A great fictional detective indeed.

 In March 2011 it was reported that The Walt Disney Company had acquired the cinematic rights to the Miss Marple character, and was planning a contemporary adaptation to be set in the United States. It was reported that Jennifer Garner would portray Miss Marple in the new franchise, and that Mark Frost had been hired to write the script for the first film which would give us a younger, more seductive Marple. What Agatha Christie would think of this sexing up of the character would likely be unprintable.



Saturday, 21 January 2012

Rebel never without a book: Agatha Christie

The accepted theory of the times was the children shouldn't be taught to read until they were eight years old because, the fashionable opinion was that both eyes and brains would develop better if they were used less during the early years. However the child that was to become crime queen, Agatha Christie amazed her parents by teaching herself to read by the time she reached the age of five.

It was Agatha's nursery nurse who informed Agatha's parents, telling them - 'I'm afraid Ma'am that Agatha can read.'

Apparently whenever a story was read to the young girl, Agatha would then study the books, trying to make sense of the words until she in fact could read. Agatha's mother, Clara whilst pleased with her daughter's display of intelligence restricted reading to the afternoon so as not to tax the young brain. And years later Agatha wrote in her autobiography - 'The book ban had a long lasting effect. Even to this day if I sit down and read a novel after breakfast I have a feeling of guilt.'

Christie is said to be the world's bestselling writer, her books coming third to The Bible and the collected works of Shakespeare and there is a great series currentlty available from Hachette Partworks that enables interested readers to collect the complete works in perfect facsimile editions. The books are identical to the original hardcovers - indeed they are published by Collins who has for many years been the UK publisher of Agatha Christie. Each fortnightly magazine features articles on the specific book as well as features on Christie's life.
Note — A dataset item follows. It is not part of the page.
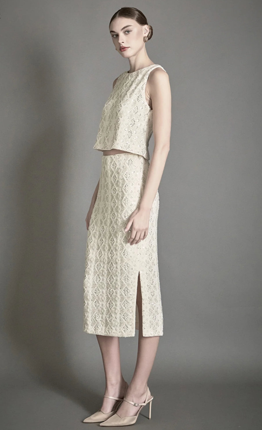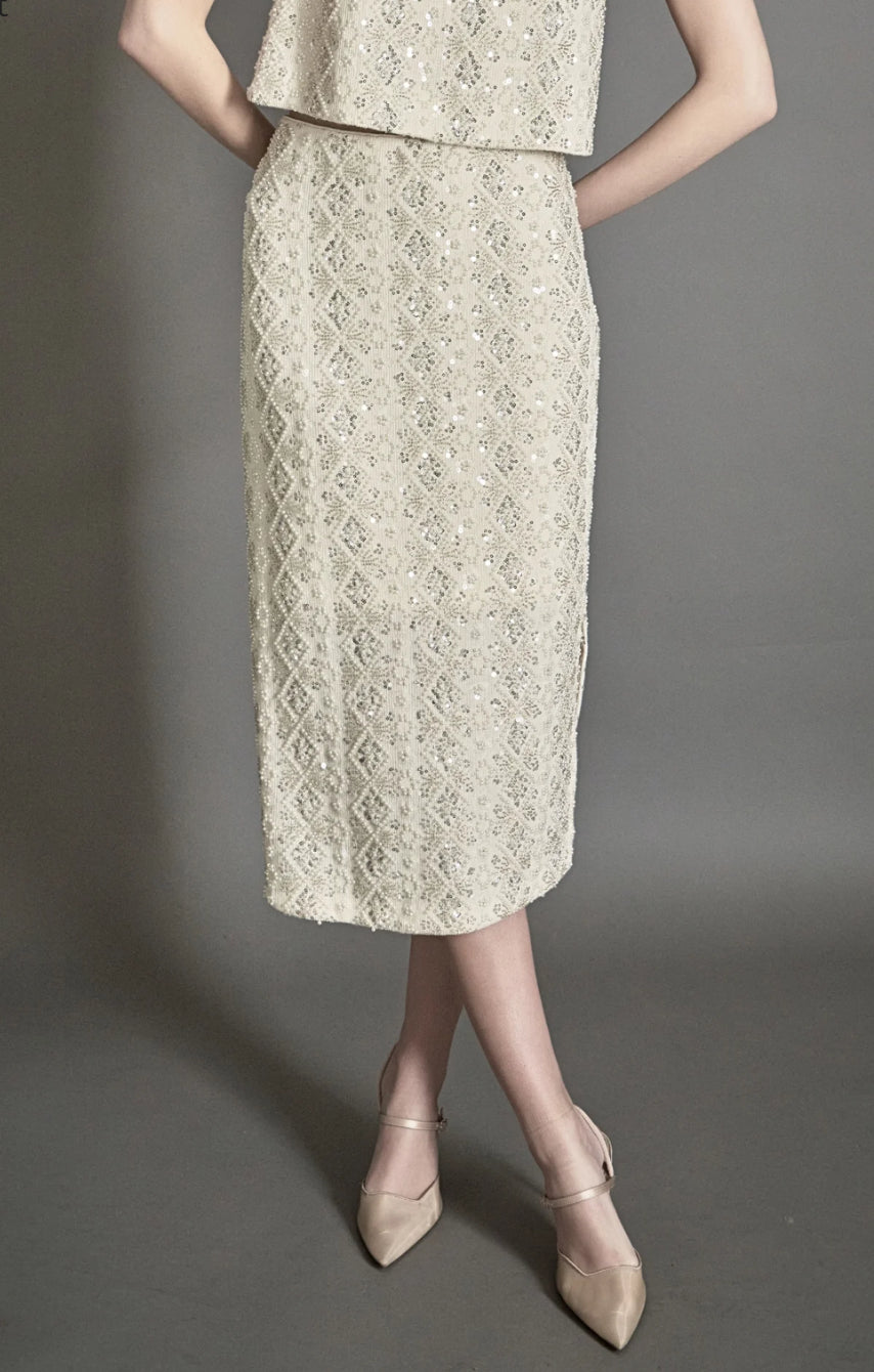 A striking statement piece for evenings out and elevated everyday style. Crafted with a high-shine finish and a fluid midi silhouette, the Elodie Mari Sequin Skirt brings effortless elegance to any look. Its smooth lining ensures comfort while the shimmering exterior adds a sophisticated touch of glamour.

I picked up the first issue in the local supermarket and immediately subscribed as the thought of owning the complete set in these facsimile editions appeals to me - not only will they make up a library of some of the best detective fiction ever published but each individual title is a book lovers dream - they are identical in every way to the original hardcover editions - mind you they wouldn't be much good as facsimiles if they weren't.

Each book's dust jacket is a faithful replica of the original first edition cover artwork and also features contemporary advertisements for other Collins Crime Club titles.
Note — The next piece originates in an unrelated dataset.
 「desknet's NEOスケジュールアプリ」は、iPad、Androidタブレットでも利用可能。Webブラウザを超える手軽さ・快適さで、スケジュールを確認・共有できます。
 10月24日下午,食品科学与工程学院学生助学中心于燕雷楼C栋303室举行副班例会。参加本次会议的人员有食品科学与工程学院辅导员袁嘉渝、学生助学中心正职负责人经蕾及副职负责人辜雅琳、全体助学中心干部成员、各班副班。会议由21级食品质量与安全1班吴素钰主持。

Check out the website HERE

Tuesday, 29 March 2011

Now they're sexing up Agatha Christie

Disney are to produce a new version of Agatha Christie's Miss Marple, featuring a younger, more streetwise version of the character. Jennifer Garner will take on the role of Miss Jane Marple in what Disney are hoping will be a franchise in the style of Guy Ritchie's Sherlock Holmes.
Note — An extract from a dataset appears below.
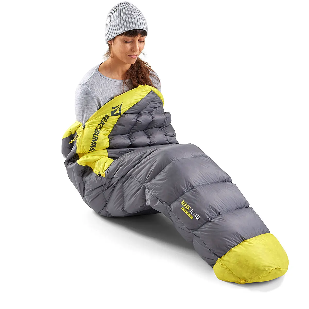 スパークは軽量コンパクトさと優れた保温性を両立させた最上位シリーズです。ウィメンズモデルは女性の身体にあわせて肩周りは狭めに腰回りは広めに再設計。また単位面積あたりの中綿量も同クラスのユニセックスモデルと比べて大幅に増量し、保温性能を高めています。撥水トリートメントされた850+フィルパワーのウルトラドライプレミアムグースダウンは、ウェットコンディションでも最大の保温性を発揮。シェルとライニングは極薄の10デニール撥水ナイロン製で軽量化。結露したテント壁面に接するフードとフットボックスには防水透湿素材を使用し、濡れによるダウンの性能低下を防ぎます。

The female sleuth, who has always been portrayed by older actresses as a mystery-solving spinster, was expected to be revived as a younger character after Disney made a deal to bring back the franchise.
Christie wrote 12 mystery novels starring Miss Marple, beginning in 1930. The character inspired several motion pictures and a long-running BBC series.
 Instead of the elderly spinster who lives in the English village of St. Mary Mead and solves mysteries as a hobby, the new configuration is for Mark Frost to script a version where Marple is in her 30s or 40s.

Thursday, 23 September 2010

The sound of Poirot

Roger Ackroyd is found dead in his room, the door locked from the inside - Hercule Poirot is called in to investigate in this enjoyable BBC Radio adaptation that is available on the BBC 7 homepage for the next three days. Christie fans won't want to miss this.